Establishment and evaluation of a dynamic in vitro intestinal absorption model of lipid formulations.
- Author:
Ying LIU
1
;
Tao YI
;
Huan DI
;
Lu XIAO
;
Ji-Kui HE
Author Information
1. School of Pharmaceutical Sciences, Southwest University, Chongqing 400715, China.
- Publication Type:Journal Article
- MeSH:
Animals;
Calcium;
metabolism;
Caprylates;
chemistry;
Digestion;
Glucose;
metabolism;
Glycerides;
chemistry;
Indomethacin;
chemistry;
Intestinal Absorption;
Lipids;
chemistry;
Lipolysis;
Models, Biological;
Potassium;
metabolism;
Rats;
Rats, Sprague-Dawley
- From:
Acta Pharmaceutica Sinica
2011;46(8):983-989
- CountryChina
- Language:Chinese
-
Abstract:
A new dynamic in vitro intestinal absorption model for screening and evaluating lipid formulations was established by means of the characteristics of the intestinal digestion and absorption of the lipid formulations. This model was composed of two systems, including intestinal digestion and the intestinal tissue culture, which drew the evaluation method of intestinal absorption into the in vitro lipolysis model. The influence of several important model parameters such as Ca2+, D-glucose, K+ on the two systems of this model has been investigated.
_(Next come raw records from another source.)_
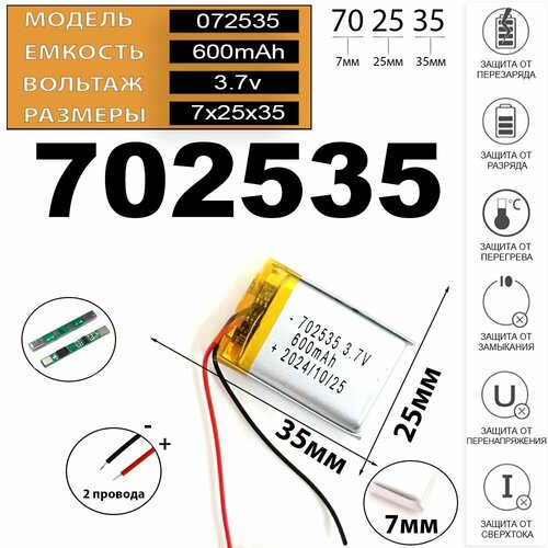 Аккумуляторная батарея 600mAh 3.7v 2pin Li-Pol 7*25*35 2 провода универсальная
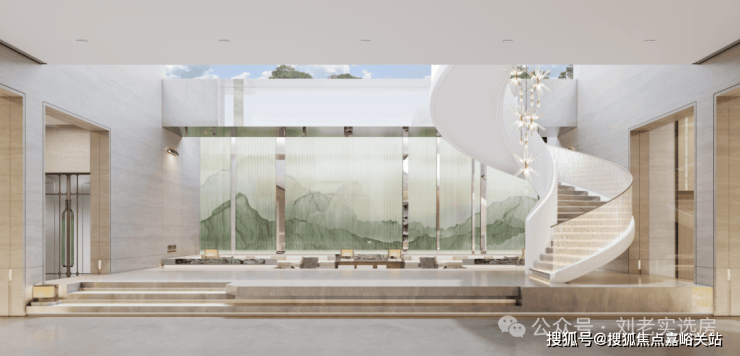 步入 庭院 ,精致会客厅搭配匆匆绿意和层叠水院,颇具层次感的美景让归家的业主瞬间放松,卸下一天的疲惫,也深度诠释了项目 归家即是度假开始 的设计理念!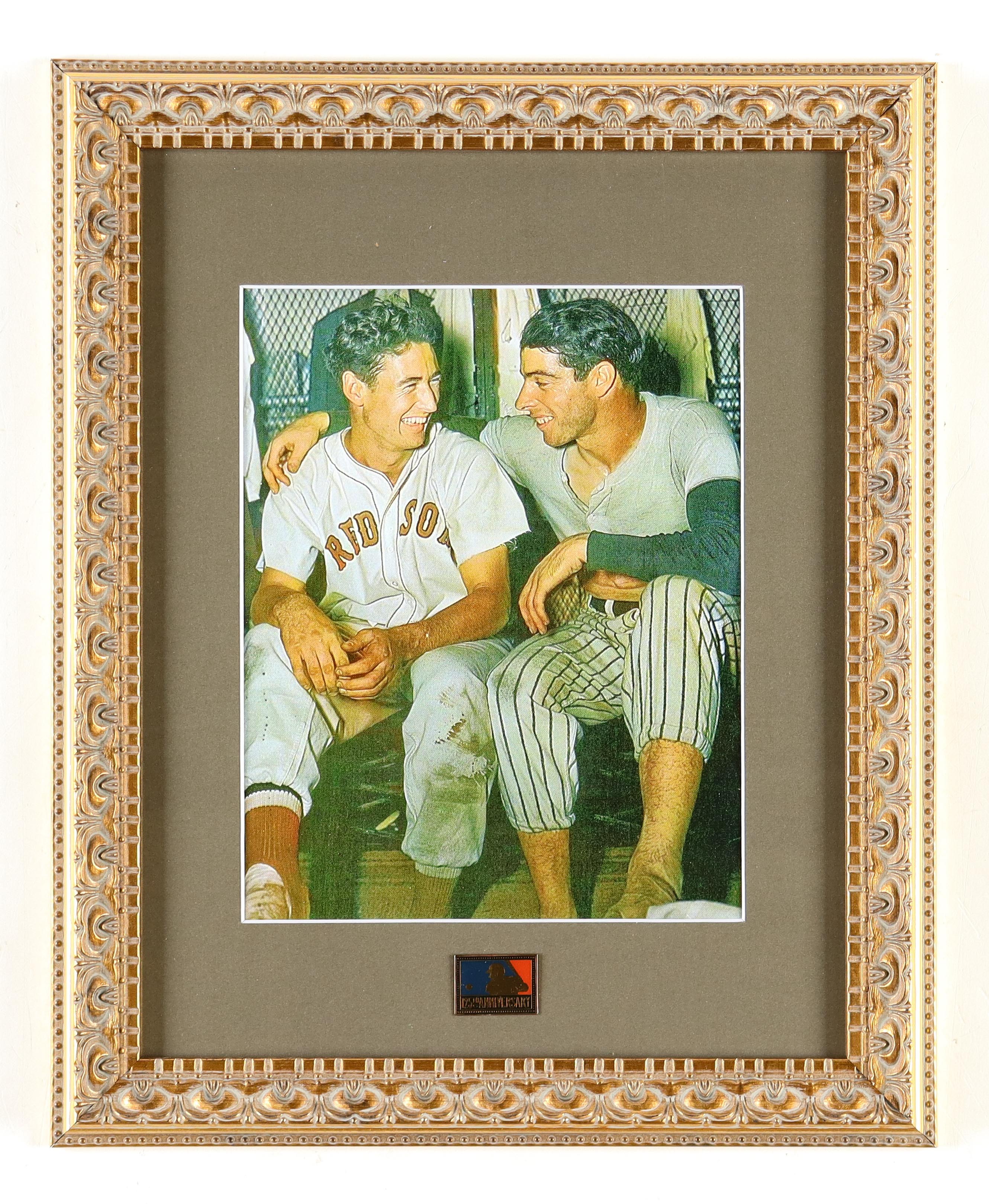 Custom frame measures approximately 13.25" x 16.25" in size and features an unsigned photo of Ted Williams (Boston Red Sox) and Joe DiMaggio (New York Yankees). The display also includes a MLB 125th Anniversary Brass Pin. Please note, the display is unsigned.

The results showed that increasing of Ca2+ concentration could be significantly conductive to intestinal digestion. The increasing of D-glucose concentration could stepped significantly down the decay of the intestinal activity. K+ was able to maintain intestinal activity, but the influence of different concentration levels on the decay of the intestinal activity was of no significant difference. Thus the model parameters were set up as follows: Ca2+ for 10 mmol x L(-1), D-glucose for 15 mmol x L(-1) and K+ for 5.5 mmol x L(-1). Type I lipid formulation was evaluated with this model, and there was a significant correlation between the absorption curve in vitro and absorption curve in vivo of rats (r = 0.995 6, P < 0.01). These results demonstrated that this model can be an attractive and great potential method for the screening, evaluating and predicting of the lipid formulations.